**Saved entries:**
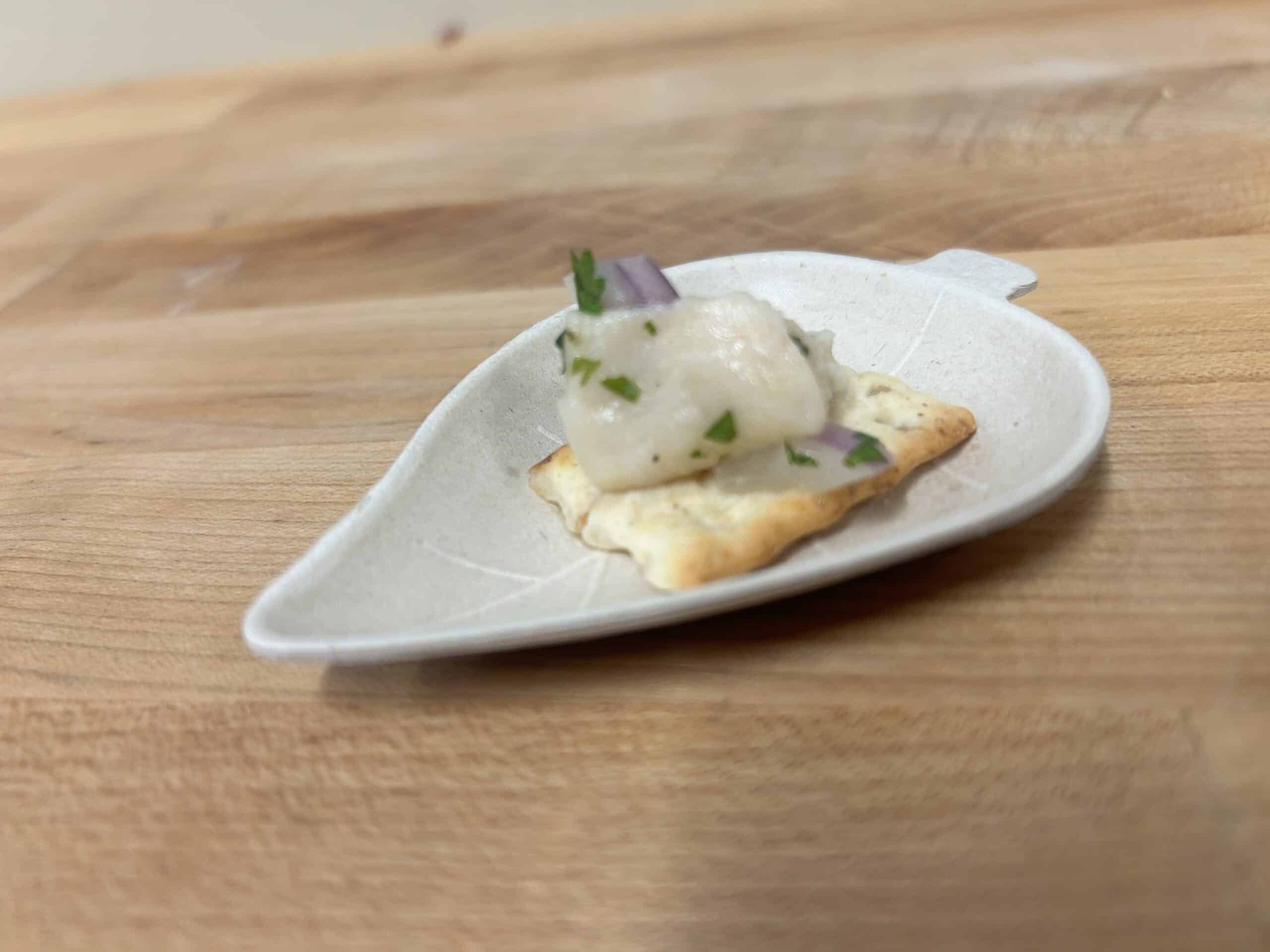 Before serving, lightly dust with crushed wasabi peas, a slice of pickled ginger, and some flaky salt.
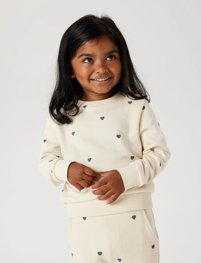 Denne sweatshirt er et godt valg til hverdagsbrug. Den har en klassisk rund hals og lange ærmer. Hjerteprinten overalt tilføjer et strejf af sødme.
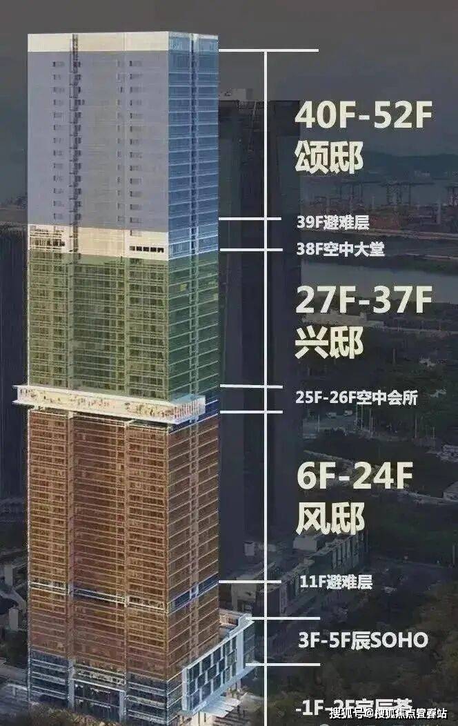 天幕藏品,总建面约8.6万㎡,主打建面约125-280㎡天幕藏品,分布在楼层的中区、高区、超高区,分别命名为风邸(6-24F)、兴邸(27-37F)和颂邸(40-52F)。
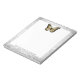 Jot down notes and reminders with a personalised Brilliant Gold Butterfly Notepad. Notepad design features a brilliant butterfly adorned with a foliage vine against grey grunge background and space to personalise with your name. Additional matching stationery items available with this design as well. If you need assistance with personalisation, please contact me directly.
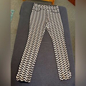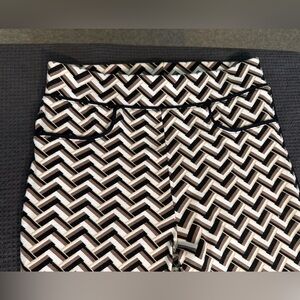 Hue Dressy Leggings - White/Brown/Black Geometric Design Size Small Whimsigoth
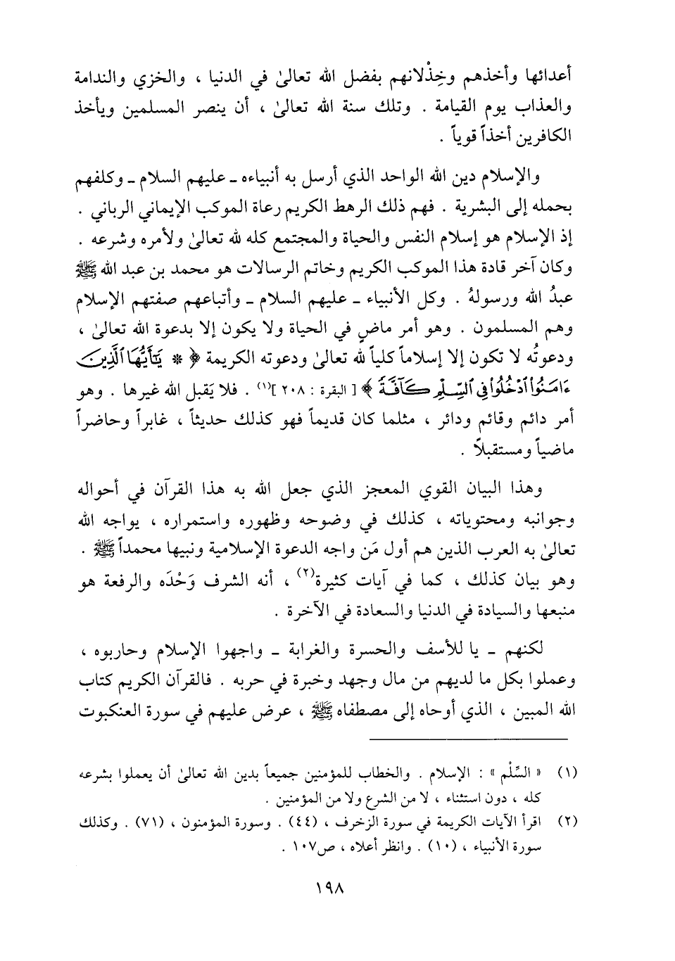(2) اقرأ الآيات الكريمة في سورة الزخرف، (44) . وسورة المؤمنون، (71) . وكذلك سورة الأنبياء، (10) . وانظر أعلاه، ص 107.
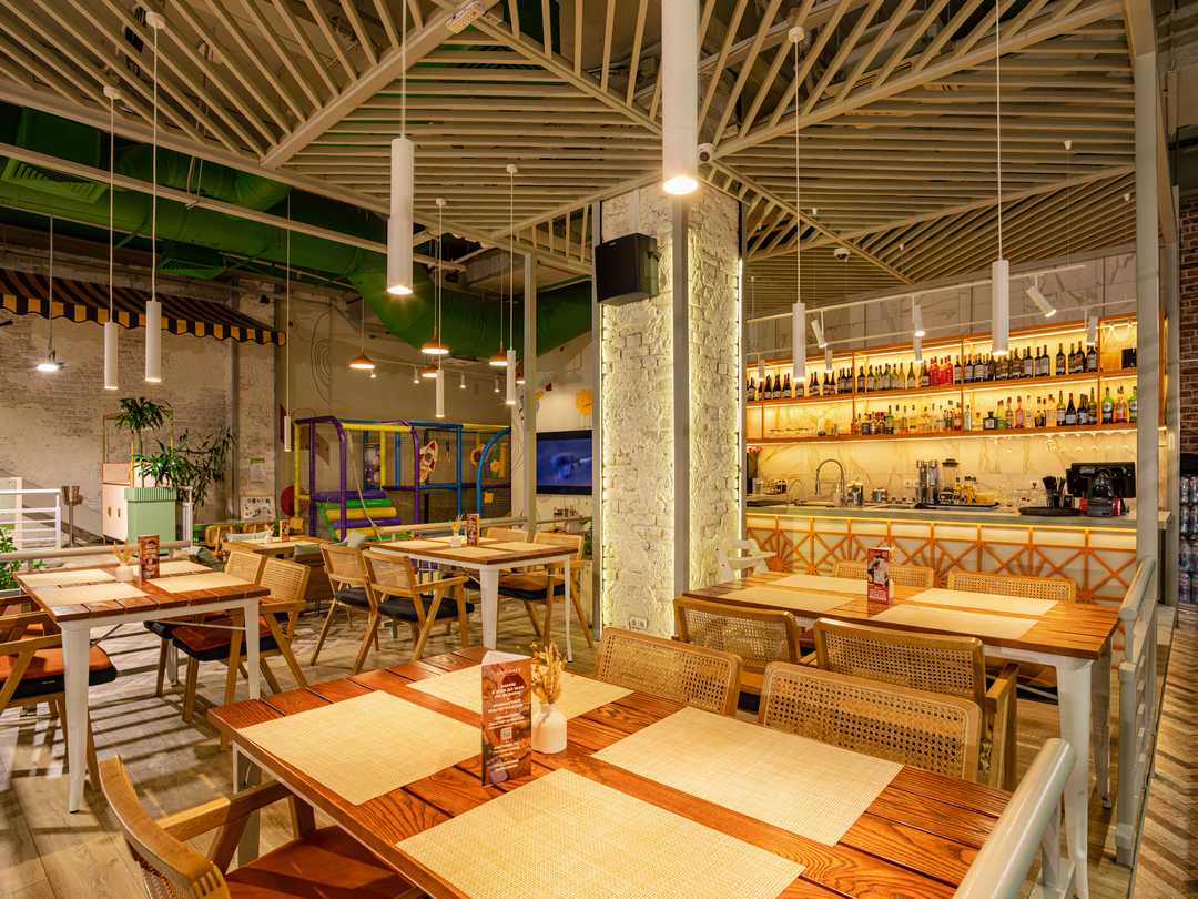 Большое семейное кафе, где так уютно и просторно. Здесь много света и комфорта: большие столы для всей семьи, отдельные зоны для компаний и отдельный уголок для малышей. В меню представлены разнообразные блюда, веселые мероприятия и игры делают кафе отличным местом для семейного отдыха в любой день.
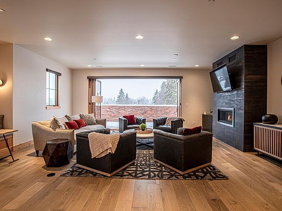 Prime Central Avenue location in the heart of Downtown Whitefish. Enjoy the privacy and birds eye view of this brand new 3rd floor loft. Beautiful, clean lines, and modern design elements are used throughout this furnished condo. The condo has 3 bedrooms each with a private en suite. The executive condo is a large space and takes up the majority of the 3rd floor so there is plenty of room to spread out. The living room and master bedrooms feature gas fire places and large TV's. The other two bedrooms both have electric fireplaces and TV's. The tiled bathrooms all have heated floors and all window blinds are controlled by remote control. Enjoy the view of Big Mountain from the front deck, while soaking in the hot tub or from the private rooftop patio! The Suite is located on top floor of a 3 story building. The first floor features three commercial spaces. The second floor has two residential units and the third floor has the one bedroom suite and a three bedroom penthouse. A control access on the stairs and elevator limits access to the third floor to 3rd floor residents only. Month to month lease or one year lease available at discounted rate. Please contact for details
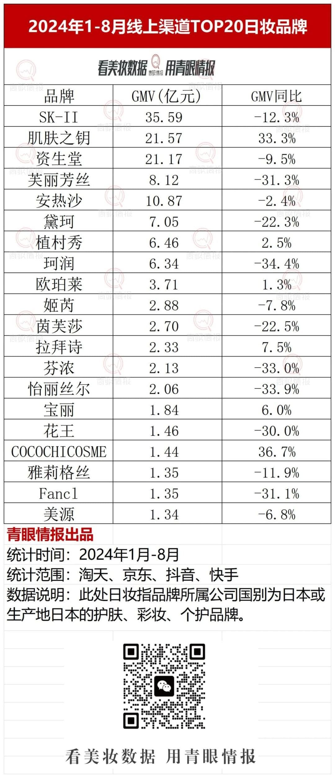 据青眼情报数据,今年1-8月线上渠道日妆总GMV同比增长22.18%,但GMV TOP20的日妆头部品牌中,70%的品牌GMV同比下滑,其中芙丽芳丝、珂润、芬浓、怡丽丝尔、花王、Fancl跌幅超30%。
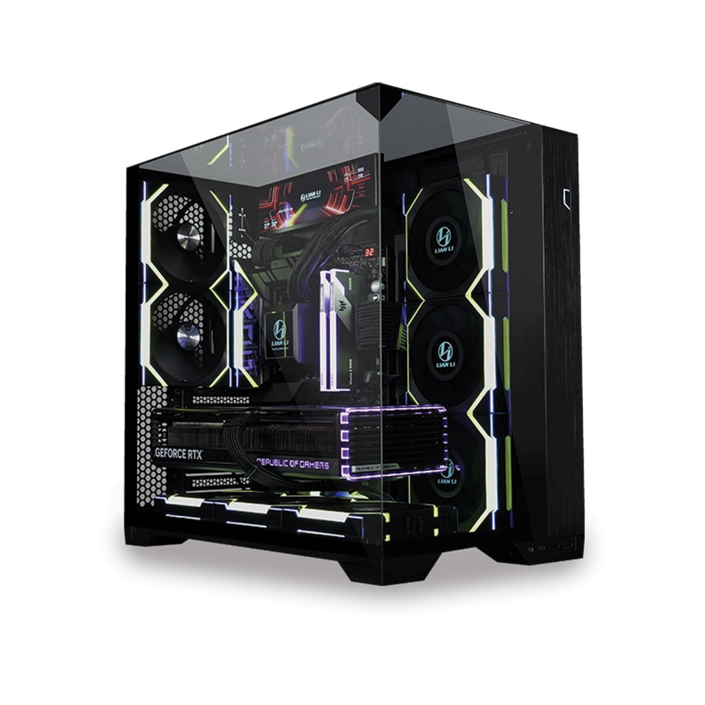 The Lian Li O11 Vision Compact Tower combines style and functionality with dual tempered glass panels (4mm front, 3mm side) and steel & aluminum construction. It supports up to a 360mm radiator and nine 120mm fans, offering versatile cooling options. Featuring Vision mode for an uninterrupted component view and Mesh mode for additional airflow, the case also includes a dual-chamber layout with cable management compartments and hidden AIO tube design for a clean, organized build.

**What the task asks:**
Give the lines above again exactly, from the one containing "Hue Dressy Leggings" to the one containing "(2) اقرأ الآيات", both included, but leave out the pictures.

**Completed exercise:**
 Hue Dressy Leggings - White/Brown/Black Geometric Design Size Small Whimsigoth
(2) اقرأ الآيات الكريمة في سورة الزخرف، (44) . وسورة المؤمنون، (71) . وكذلك سورة الأنبياء، (10) . وانظر أعلاه، ص 107.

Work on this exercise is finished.